Few genomes are difficult (with current state of technology) to assemble due to their bizzare characteristics. The high cost of sanger sequencing, construction of FOSMID or BAC libraries, flow sorting of chromosomes and other wonderful methods makes the assembly of genomes with NGS methods difficult. However, even Sanger based methods find it difficult to sequence some genomes that are almost impossible to assemble to "completion". Genomes can be difficult due to reasons such as:
- Large size of genome: A genome that is very large (has many many bases) are difficult to sequence, mainly due to the higher costs involved in generating sufficient coverage. Largest known vertebrate genome is that of the Lungfish with a size of 133 Gb and canopy plant being the largest known plant genome with a size of 150 Gb. An amoeboid, Polychaos dubium might have the largest genome with a size of 670 Gb. Larger amounts of data are difficult to handle bioinformatically. Infact most assemblers would be unable to handle large amounts of data associated with these genomes. Moreover, these genomes are thought to be filled with repeats and genome duplication events making their assembly even more complicated.
- Repeat content of genome: Certain genomes are known to have very high transposon activity making them rich with repetitive content. These genomes need not be large, but can still be difficult to assemble due to the almost identical copies of DNA prevalent in the genome.
- Extremes in GC content: Certain genomes are known to have very high or very low GC content. This makes them difficult to sequence due to the bias involved in NGS methods. Although GC content extremes are constrained by the requirements imposed by the genetic code, Streptomyces coelicolor manages to have a GC-content of 72% while Plasmodium falciparum has just 20%. Apart from extremes in genome wide GC content, parts of the genome can have extremes in GC content making them difficult to sequence.

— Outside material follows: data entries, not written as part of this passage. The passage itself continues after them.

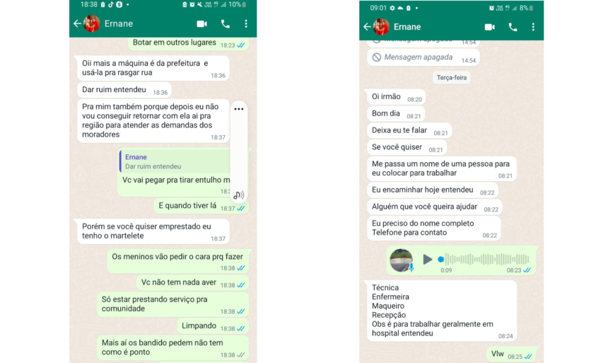 Troca de mensagens entre o vereador Ernane Aleixo (PL), de São João de Meriti e uma pessoa em que ele ofereceumaterial e suporte para construções de barricadas, além de ter negociado vagas de nomeação em troca de apoio político — Foto: Reprodução
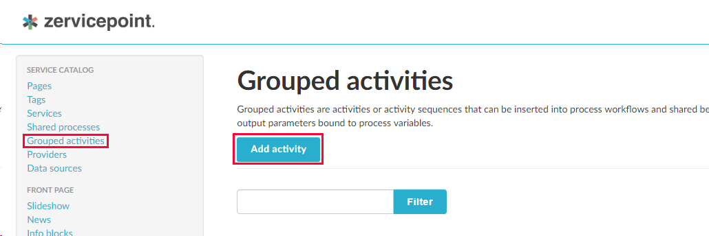 Grouped Activities are sequences of activities that can be reused in multiple processes and ZP services. They act as an isolated part of the process workflow, containing their own variables and activities, and taking input and output parameters that are assigned to variables used by the different activities within the grouped activity. A grouped activity can contain all the different built-in activities except Approval and Task as well as provider activities.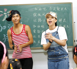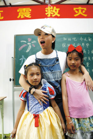 李文害羞地告訴張惠妹,他今年16歲,在都江堰上學(xué)的時候就跟著老師學(xué)唱歌,去年還參加了一個新人比賽拿了全國第二,當(dāng)時的評委老師當(dāng)場就收他為徒。“可惜發(fā)生了地震,我不能再學(xué)唱歌,現(xiàn)在我喜歡和四川音樂學(xué)院的志愿者老師們在一起,他們可以教我唱歌!甭牭嚼钗倪@么說,張惠妹當(dāng)下就表示:“這樣吧,我回臺灣后會跟公司商量一下,我打算收你為徒弟!”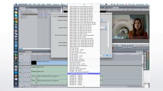 This document discusses digital video codecs and compression. It begins by defining pixel resolutions for standard definition, high definition, and digital cinema. It then covers CMOS image sensors used for HD, 2K and 4K capture and explains intra-frame and inter-frame compression. The document provides an example of the Apple ProRes 422 codec and analyzes its key attributes. It also discusses interlaced vs progressive scanning, picture impairments from compression, digital cinema standards, and predicts that requirements on compression will reduce over time due to technological advances.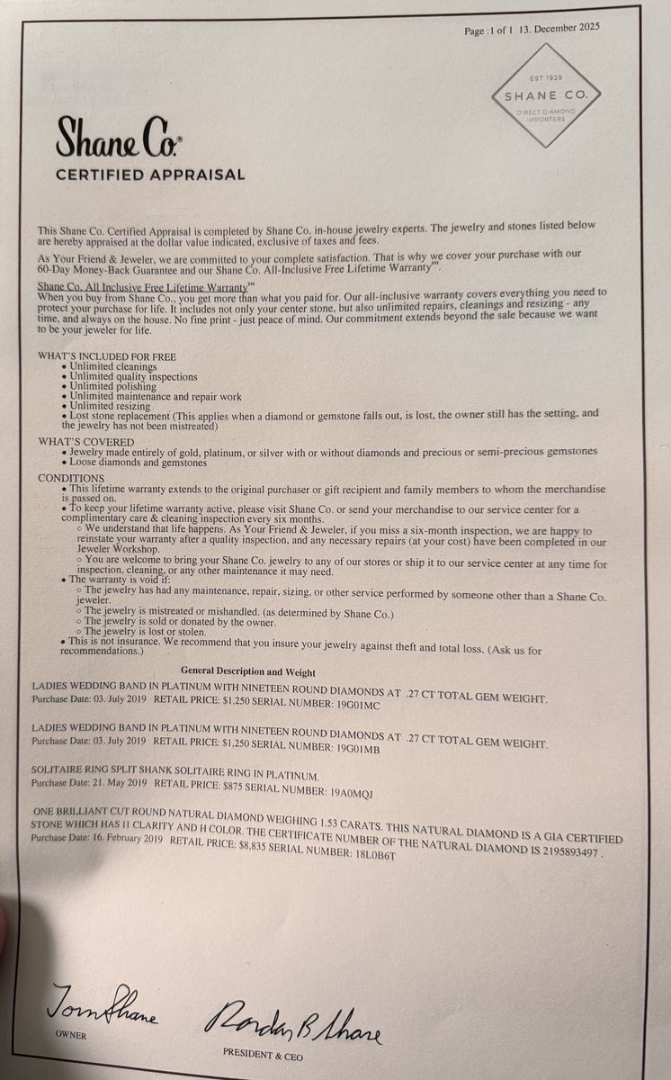 ApplePay1.53 Carat Natural Diamond on Platinum Band. Weddings bands with round .27 diamonds on each.

- Rarity of sample: Some organisms are so rare, that its almost as if they were extinct. Being able to find such species and obtaining enough DNA from them can be almost impossible. The situation is made more complicated by various legal, ethical and technical issues. Rarity of sample, could also be a result of the amazingly tiny amounts of DNA available in certain species. Cultivation of many microbial species in the lab is not yet possible and obtaining enough DNA from such species has driven research in the field of metagenomics and more recently single cell sequencing. DNA from extinct species is of lower quality and filled with many artifacts making correct assembly of genomes a daunting task. However, many of these problems have been overcome by novel methods and extinct species such as the mammoth, neanderthals, denisovan.... have been sequenced and assembled to a quality comparable to that of other NGS genome assemblies.
- Genome definition inconsistencies: To be able to assemble the genome of a certain species, it should be possible to define a species and what constitutes its genome. Symbiotic organisms can be difficult to delineate into distinct species, due to the high degree of inter-dependence of these species. The definition of species is a controversial subject and different interpretations of these definitions makes it controversial to claim sequencing of a particular "species".
- Dynamic nature of genomes: Genomes are generally though of as stable inherited genetic material which remain exactly the same over short periods of time. However, the genomes have many dynamic features. Telomeres change in length with age in almost all species. Similarly, small viral genomes with very high mutation rates can change drastically within the span of a few hours making them completely immune to a drug or conferring a new phenotype. Such changes will require re-sequencing of the genome to identify the changes to the genome.Species with different numbers of chromosomes along a cline are another type of dynamism.